- **Task details**
Copy nothing but the lines from the one containing "F03 Butterfly 3" through the last line of the entries below, exactly as written and without pictures.

⁂

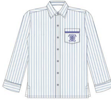
Formal Uniform - Boys Junior Striped Shirt - Long Sleeve
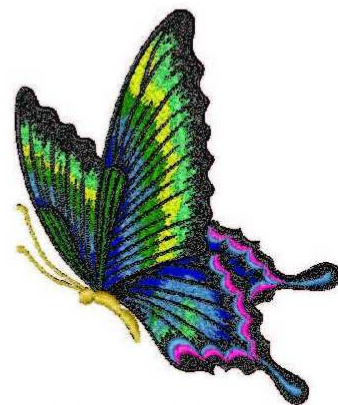
F03 Butterfly 3
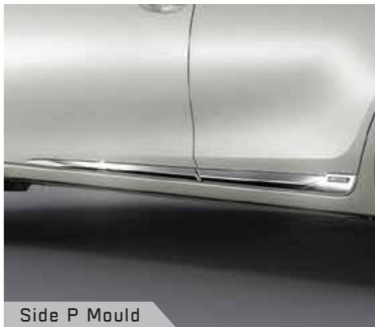
Side P Mould
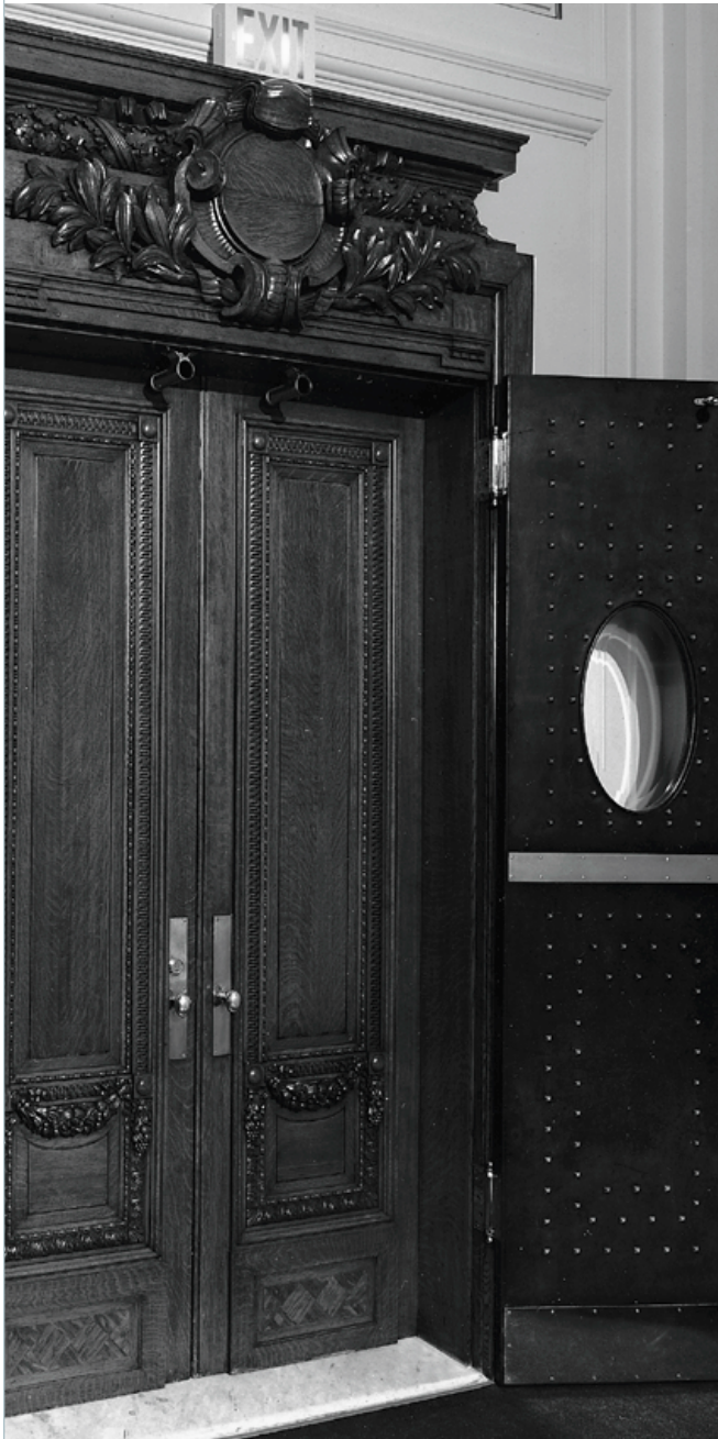
Spokane Federal Building
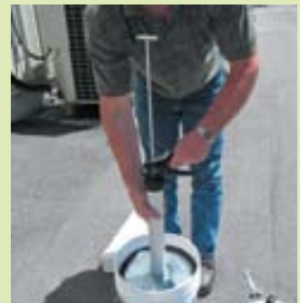
Ensure the tight seal, fully extend rod and fill the barrel. Disengage from the follow plate
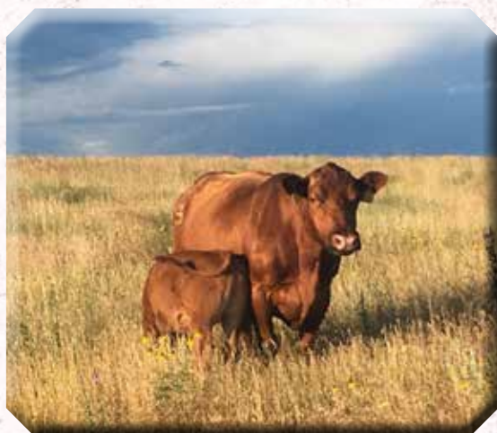
Double bred 84S with a splash of 5L Tradesman makes for a great cow maker.
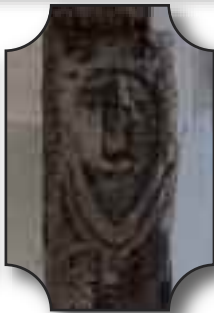
Jack In the Green
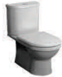
Low-flow toilets use a maximum of 1.6 gallons of water per flush.
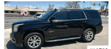
#10792 2017 YUKON Black, 4x4, Cloth, 5.3L, Center Bench, 95K Miles. $24,995.

⁂

- **Answer for this exercise**
F03 Butterfly 3
Side P Mould
Spokane Federal Building
Ensure the tight seal, fully extend rod and fill the barrel. Disengage from the follow plate
Double bred 84S with a splash of 5L Tradesman makes for a great cow maker.
Jack In the Green
Low-flow toilets use a maximum of 1.6 gallons of water per flush.
#10792 2017 YUKON Black, 4x4, Cloth, 5.3L, Center Bench, 95K Miles. $24,995.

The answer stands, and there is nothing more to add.